O Google aceitou pagar US$ 68 milhões (aproximadamente R$ 359 milhões) para encerrar uma disputa judicial sobre a privacidade de seus usuários. O processo alegava que o Google Assistente ouvia e gravava conversas particulares sem permissão. E usava esses áudios para calibrar propagandas direcionadas nos celulares.
O acordo foi entregue a um tribunal na Califórnia, nos Estados Unidos, e ainda precisa da aprovação final de uma juíza. O problema central são as “falsas aceitações”, que ocorrem quando o aparelho entende errado um som e ativa o microfone achando que o usuário disse comandos como “Ok Google”.

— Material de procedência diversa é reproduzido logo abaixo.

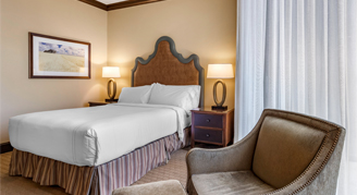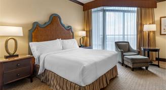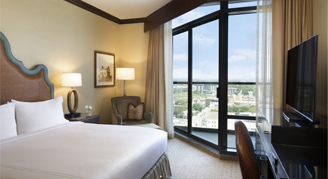 The Texas Traditional Room offers one king or one queen bed on the 15th floor or higher with city or interior atrium views, featuring a 55" HDTV with casting technology and a seating area with a lounge chair. The décor incorporates a traditional Texas décor with dark wood, earth-colored accents, and crown molding to create a warm and inviting retreat. The guest bathroom showcases either a walk-in shower or bathtub with Nest bath amenities.

Google nega ter espionado usuários, mas paga valor milionário para encerrar o caso
A acusação dizia que a empresa capturava conversas confidenciais de propósito e as passava para outras empresas sem o dono do celular saber. Essas gravações serviriam para descobrir do que a pessoa gosta e, assim, vender anúncios personalizados. O pagamento deve beneficiar quem comprou aparelhos da marca ou teve o microfone ativado erroneamente desde maio de 2016.

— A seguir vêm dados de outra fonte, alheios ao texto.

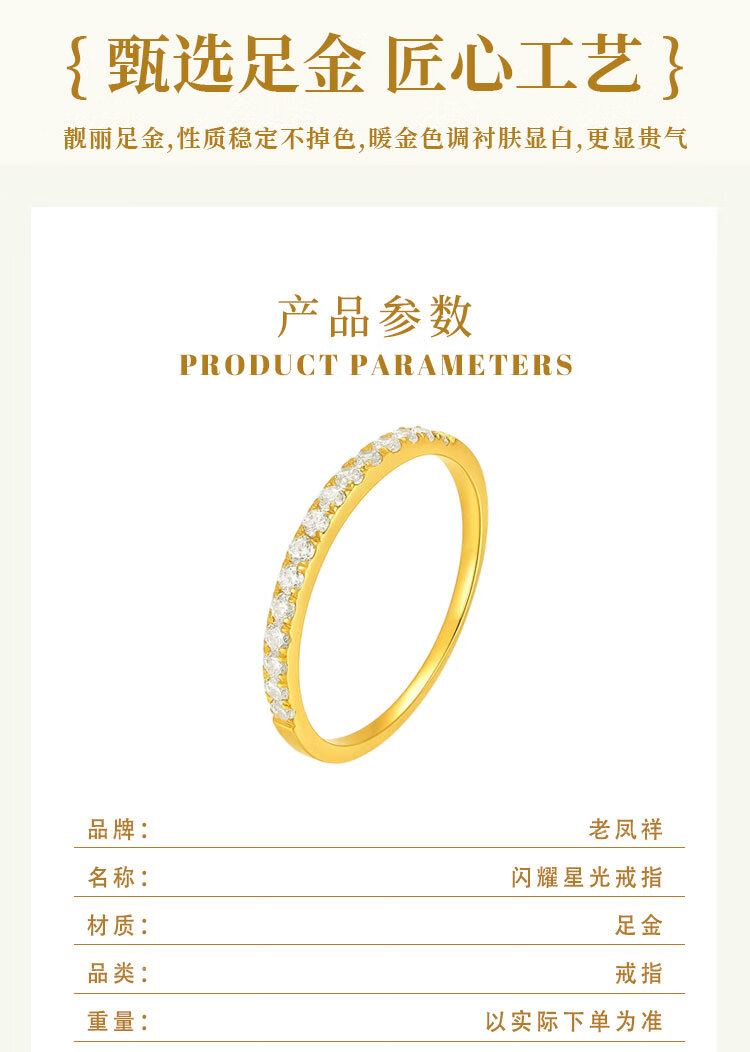 Lao Fengxiang Gold Sparkling Starlight Ring Women's Pure Gold Versatile Ring Bracelet Valentine's Day Birthday Gift for Girlfriend and Wife Sparkling Starlight Ring Circle No. 13 Approximately 0.8g

Mesmo pagando a multa, a Google não admitiu culpa. A empresa disse que não fez nada de errado e explicou que aceitou o acordo apenas para evitar gastos altos e a demora de um julgamento na Justiça. Para você ter ideia: do valor total, cerca de US$ 22,7 milhões (R$ 120 milhões) vão para os advogados que cuidaram do caso.
Situações assim têm se tornado comuns entre as grandes empresas de tecnologia. A Apple, por exemplo, pagou US$ 95 milhões (R$ 501 milhões) recentemente por uma queixa parecida em relação à Siri. Além disso, em 2025, o Google pagou US$ 1,4 bilhão (R$ 7,4 bilhões) ao Texas para encerrar outras brigas sobre o uso de dados privados.
(Essa matéria usou informações de BBC, The Guardian e Reuters.)